I am sure that we will see strong opinions come from both the tesla and non-tesla EV camps in discussing this post, so hopefully my dual perspective will be of some value.


> while I think it's a wing dang doodle of a little car

Is that you, Robert Dunn of Aging Wheels? (I don't think he owns either a Tesla or a Bolt, but he owns a lot of weird cars so I wouldn't be surprised, and you're aping his speaking style almost perfectly.)


Haha no idea who that is. I will look him up!


> By contrast I would drive my Tesla without hesitation to anywhere in the continental US.

You gotta get off the interstate and away from major cities more! Plenty of places worth visiting that are far away from a supercharger.


The public charging tech is improving steadily. You might want to give the Bolt another try at fast-charging. Look for a high-power charger, like 200kW or higher.


The issue is that Bolts are limited to 50kw of charging, even if the charger can offer more power.


> I am sure that we will see strong opinions come from both the tesla and non-tesla EV camps in discussing this post, so hopefully my dual perspective will be of some value.

If it doesn't plug into a supercharger it's pretty much defective on arrival.

https://youtu.be/hA_B7qPyUDA?t=1136


> If it doesn't plug into a supercharger it's pretty much defective on arrival.

Is it? Then why is it that these cars charge faster than a Tesla Model 3:

https://www.youtube.com/watch?v=9gxcukAhIAU

And why is it that Teslas charge faster on CCS chargers than on Tesla chargers:

https://insideevs.com/news/507489/tesla-model3-charging-fast...

And why is it that the fastest EV cannonball run was done with a CCS car:

https://insideevs.com/news/464763/porsche-taycan-beats-elect...

What would be best is if Tesla just went ahead and put a CCS inlet on their North American cars, like Tesla already does in Europe.

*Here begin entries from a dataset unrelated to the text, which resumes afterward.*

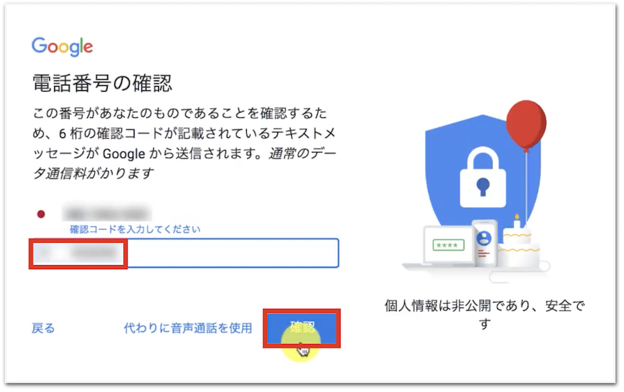 6桁の確認コードが記載されたテキストメッセージが届いたら、間違わないように入力して「確認」をクリックしてください。
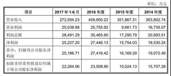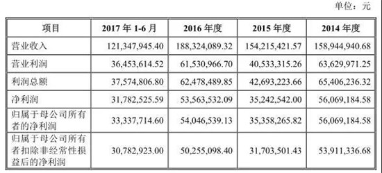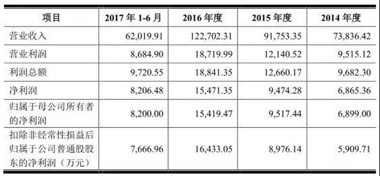 從過(guò)去幾年?duì)I收來(lái)看,從2014年到2017年上半年,其營(yíng)收分別為7.38億、9.17億、12.27億、6.20億,相對(duì)應(yīng)的凈利潤(rùn)分別為0.68億、0.94億、1.54億、0.82億!
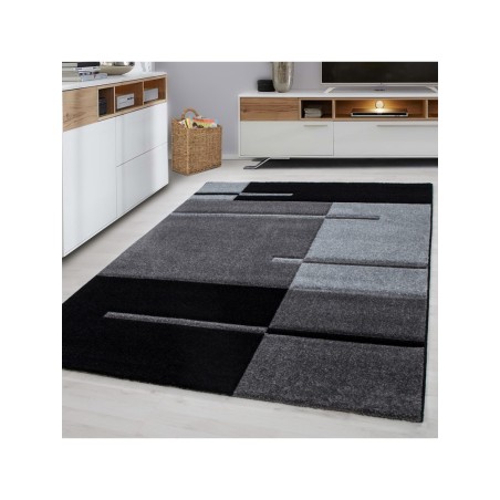 Kortluggig matta, rutmönster, grå, vardagsrumsmatta, jutebaksida, 100 % PP. Friese (Hund Carved), lugghöjd: 13 mm, 246 000 punkter, 2800 g (±5 %) m², jutebaksida
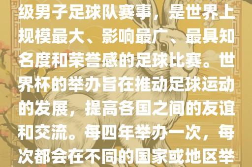 世界杯是由国际足球联合会主办的一项国家级男子足球队赛事,是世界上规模最大、影响最广的足球比赛。旨在推动足球运动的发展,增进各国之间的友谊和交流,每四年举办一次。世界杯历史悠久,自1930年举办以来,已经成功举办了二十几届,对于足球爱好者来说具有极高的荣誉感和知名度。
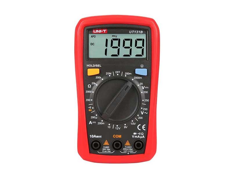 Multimetrul digital UT131B de dimensiunea palmei este o alegere bună pentru măsurarea tensiunii AC și DC, a curentului AC și DC și a rezistenței. Ecranul LCD clar de 2000 de contorizare cu iluminare de fundal oferă măsurători precise, ușor de citit (chiar și în condiții de iluminare slabă). UT131B are o funcție unică de testare a bateriei care afișează atât starea, cât și starea bateriei testate (bună, slabă, proastă). În plus, multimetrul are o diodă și funcție de testare a continuității cu sonerie.
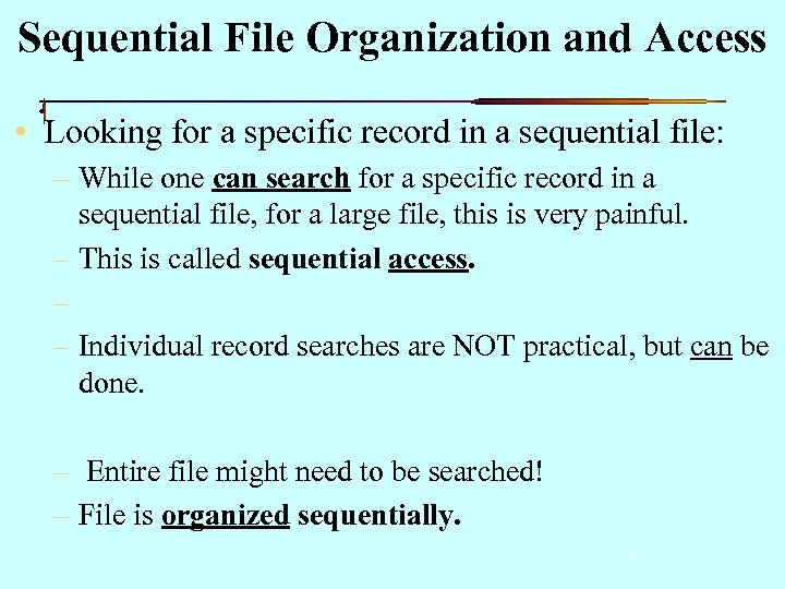 Sequential File Organization and Access • Looking for a specific record in a sequential file: – While one can search for a specific record in a sequential file, for a large file, this is very painful. – This is called sequential access. – – Individual record searches are NOT practical, but can be done. – Entire file might need to be searched! – File is organized sequentially. 7
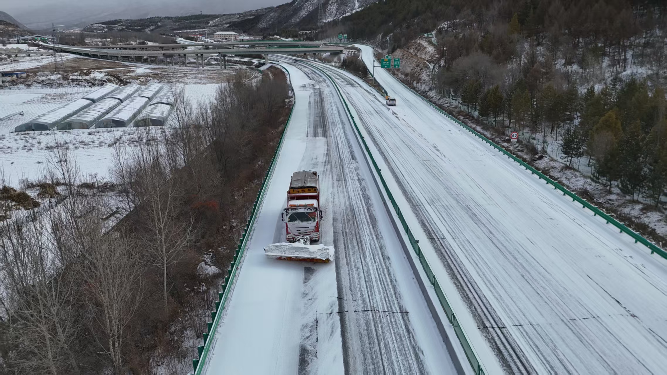 为应对此次降雪,张家口分中心早部署、早准备,提前研判天气变化趋势,制定详细除雪保通方案,对各类除雪设备进行全面检修调试,备足融雪剂等应急物资,组建专业除雪应急队伍,确保人员、设备、物资“三到位”。降雪伊始,分中心领导靠前指挥,统筹调度各项除雪工作,128名应急人员放弃休息,连夜集结奔赴各责任路段;25辆撒布车、12辆除雪车、2台装载机、16辆皮卡组成的除雪“铁军”,按照“先主后次、先急后缓”的原则,分路段、分区域开展立体化除雪作业。
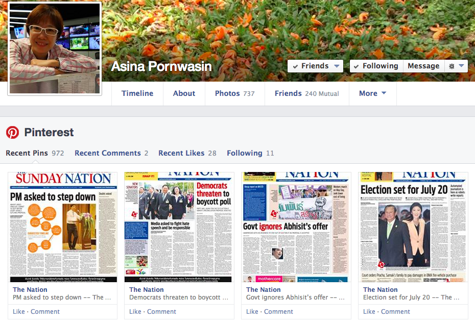 คุณอศินา: ปัจจุบันใช้ Twitter, Facebook, Instagram, Pinterest, LinkedIn, Google+, Slideshare, Storify, YouTube เพื่องานข่าว โดยมีการใช้ร่วมกันและใช้ ผสมาผสานกัน
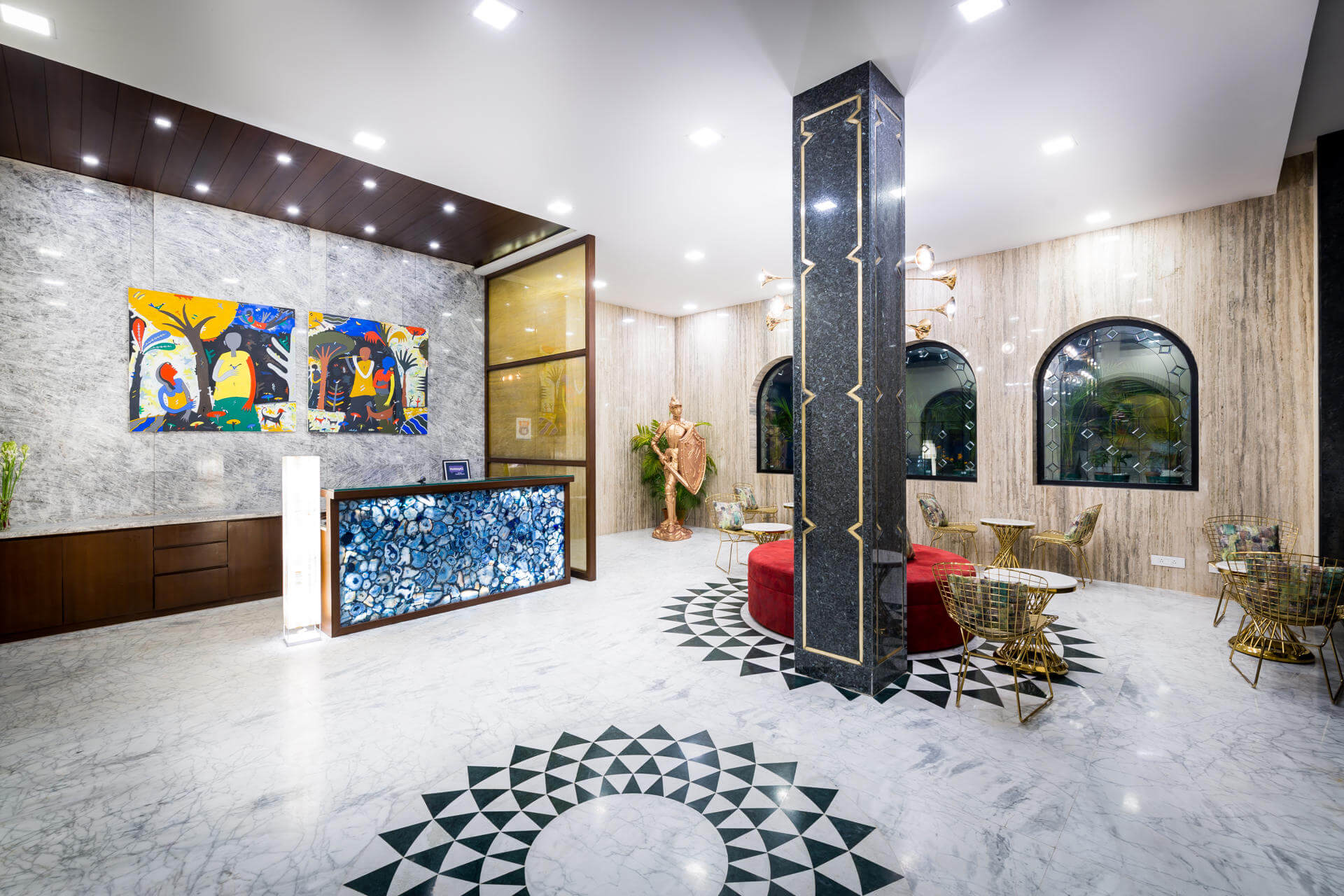 The flooring was a meticulous labor of love that went through many trial and errors to get to this stage! The standard ash grey stone was procured in large sizes, shaped and chiseled in the factory, finished multiple times on all sides with a machine and with sealant and then laid over a few months and finally filled with a white epoxy in between!

The European Teslas are better cars purely because they support the open charging standard and can plug into more chargers with no need for an adapter.

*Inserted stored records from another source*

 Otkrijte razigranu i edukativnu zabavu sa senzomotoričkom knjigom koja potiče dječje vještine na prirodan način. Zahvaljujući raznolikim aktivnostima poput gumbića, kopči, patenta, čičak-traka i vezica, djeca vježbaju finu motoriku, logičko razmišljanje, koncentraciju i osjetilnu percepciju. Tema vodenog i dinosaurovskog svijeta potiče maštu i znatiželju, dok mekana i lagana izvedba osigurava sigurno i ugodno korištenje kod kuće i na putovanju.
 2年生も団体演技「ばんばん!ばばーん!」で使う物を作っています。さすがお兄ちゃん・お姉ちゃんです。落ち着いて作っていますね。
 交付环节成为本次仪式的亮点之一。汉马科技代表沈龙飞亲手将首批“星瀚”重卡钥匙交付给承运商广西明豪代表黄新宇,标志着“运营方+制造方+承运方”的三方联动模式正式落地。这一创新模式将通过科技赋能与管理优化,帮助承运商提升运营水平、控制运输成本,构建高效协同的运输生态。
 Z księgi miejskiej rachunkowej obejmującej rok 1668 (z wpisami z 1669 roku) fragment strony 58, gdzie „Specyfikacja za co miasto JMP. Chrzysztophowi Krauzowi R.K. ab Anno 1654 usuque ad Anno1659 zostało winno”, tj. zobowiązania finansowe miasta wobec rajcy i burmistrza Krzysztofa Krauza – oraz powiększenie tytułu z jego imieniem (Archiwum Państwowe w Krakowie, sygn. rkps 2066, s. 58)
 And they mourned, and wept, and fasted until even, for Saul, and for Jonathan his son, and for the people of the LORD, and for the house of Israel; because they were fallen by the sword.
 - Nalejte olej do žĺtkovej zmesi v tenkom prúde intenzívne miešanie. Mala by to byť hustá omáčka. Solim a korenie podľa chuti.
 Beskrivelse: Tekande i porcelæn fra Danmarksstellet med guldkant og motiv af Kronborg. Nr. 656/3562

Tesla's proprietary plug is a dead end. CCS Teslas in North America would gain access to an additional 4,566 charging locations with no need for an adapter:

https://afdc.energy.gov/fuels/electricity_locations.html


Is anyone working on an active adapter to make a Supercharger think the device on the other end is a Tesla vehicle, so it'll put out a charge?

I have no idea how Superchargers work, but I assume there's some sort of active electronic handshake going on over some control pins to authorize power delivery — perhaps even something cryptographic, e.g. the "pump" and the car both having Tesla-signed TLS certificates and peer-verifying one-another.

If so, spoofing a Tesla might involve cloning a cert from a real Tesla vehicles, possibly from the car's TPM. Full-on DRM-breaking stuff. Stuff I would expect from the kind of teams that present at DEF CON.


Tesla are supposedly opening up their network soon, but that's not really the issue. Cars have a limit on how fast they can charge, and for a lot of more economic cars that's often quite slow.

The 2022 Nissan LEAF 40kW (149 mile) model can only charge at 50kW, the 60kW (226 mile) model pushes that to 100kW. The marketing says that's 45 minutes to 80% capacity. The 2022 Chevy Bolt is similar. If you are just commuting to and from work, then these cars are fine, but for a long trip you definately want an EV that can charge faster.


Sure, but a car isn’t the only thing you could potentially plug into a Supercharger. (That’s why I said “the device on the other end” rather than “the vehicle on the other end.”)

Maybe you just want to charge the gigantic custom-built battery bank you use for accessories power in your RV! Or maybe one that’s just a hacked Tesla Powerwall or five. (That’d be the “white-hat” use-case.)

Or perhaps a portable (towable) hydrogen generator, to fill bottles for hydrogen-powered cars. Still an “adapter”, technically, though doing it at the substation-level rather than the near-power-generation HVDC level is probably horribly inefficient and wasteful.

Or perhaps a mobile Bitcoin mining rig consisting of server racks installed in a air-conditioned shipping container on the back of a semi-truck…

Or the lighting and sound for a pop-up roadside rave event!